The application provides a video classification method and a video classification system, wherein in the method provided by the application, video data to be classified are obtained firstly, and at least one video key frame of the video data to be classified is extracted; inputting each video key frame into a preset target detection network for training to generate a key frame vector of each video key frame; inputting the key frame vector of each video key frame into a preset depth characteristic video matrix model, and outputting a depth characteristic video matrix of video data to be classified; and finally, classifying the video data to be classified based on the depth characteristic video matrix and generating a classification label. Based on the video classification method and the video classification system, different features of the video are fused to form a depth feature video matrix, the problem that multiple features of the video are not extracted comprehensively in the prior art is solved, and the accuracy of video classification is improved.

Description

Video classification method and system
Technical Field
The present application relates to the field of video data processing, and in particular, to a video classification method and system.
Background
Video data is the most important source of big data, and video classification is helpful for understanding multimedia content, wherein it plays an important role for various applications such as retrieval database based on video content, online video indexing, video archiving, video identification, and the like.
In order to classify the video, the video needs to be represented by a feature vector to facilitate the analysis process later. There are generally two types of video classification methods: classical manual feature-based methods and deep learning-based methods. A video classification method that is often used today is to train a deep network on video frames. All frames of the same video are labeled with video labels and then the model is trained on all frames of the video. In order to classify the video, all frames thereof are classified respectively, and then most tags of all frames are used as tags of the video.
The existing traditional feature vector extraction method has the problem that the video structure cannot be represented well, and even if the video is regarded as a plurality of frames to consider time information, the video structure cannot be represented completely.

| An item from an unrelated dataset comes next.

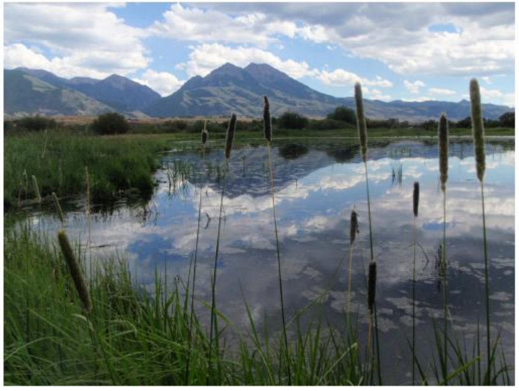
Click the icon below for complete monitoring reports for this site (2010)

In the deep learning-based method, the fusion condition of various features is not comprehensive and accurate enough.
Disclosure of Invention
It is an object of the present application to overcome the above problems or to at least partially solve or mitigate the above problems.

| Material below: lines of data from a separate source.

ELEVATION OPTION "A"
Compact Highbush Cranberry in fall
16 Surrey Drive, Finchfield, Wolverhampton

According to an aspect of the present application, there is provided a video classification method, including:
acquiring video data to be classified, and extracting at least one video key frame of the video data to be classified;
inputting each video key frame into a preset target detection network for training, and generating a key frame vector of each video key frame based on each trained video key frame;
inputting a key frame vector of each video key frame into a preset depth characteristic video matrix model, and outputting a depth characteristic video matrix of the video data to be classified through the depth characteristic video matrix model;
and classifying the video data to be classified based on the depth characteristic video matrix to generate a classification label of the video data to be classified.
Optionally, the inputting each of the video key frames into a preset target detection network for training, and generating a key frame vector of each of the video key frames based on each of the trained video key frames includes:
inputting each video key frame into a preset RetinaNet network, and detecting an identification object included in each video key frame through the RetinaNet network;
judging attribute parameters of the identification objects, and classifying the identification objects; wherein the attribute parameters of the identification object comprise an object category, an identification score and/or a bounding box;
and generating a key frame vector of each video key frame based on the classified identification object.
Optionally, the generating a key frame vector of each video key frame based on the classified identification object includes:
for each video key frame, calculating the occurrence frequency of each identification object in the video key frame to generate an occurrence vector;
calculating the sum of the identification scores of all the identification objects to generate a score vector;
acquiring object categories and the times of each object category included in the video key frame, and generating a binary vector;
and acquiring a bounding box of each recognition object, inputting the bounding box into a preset neural network, and training the bounding box through the neural network to generate a ConvPool vector.
Optionally, the inputting the key frame vector of each video key frame into a preset depth feature video matrix model, and outputting the depth feature video matrix of the video data to be classified through the depth feature video matrix model includes:
inputting the occurrence vector, the fractional vector, the binary vector and the ConvPool vector of each video key frame into a preset matrix for fusion to form a depth characteristic frame matrix of each video key frame;
and fusing the depth characteristic frame matrixes of the video key frames to form a depth characteristic video matrix of the video data to be classified.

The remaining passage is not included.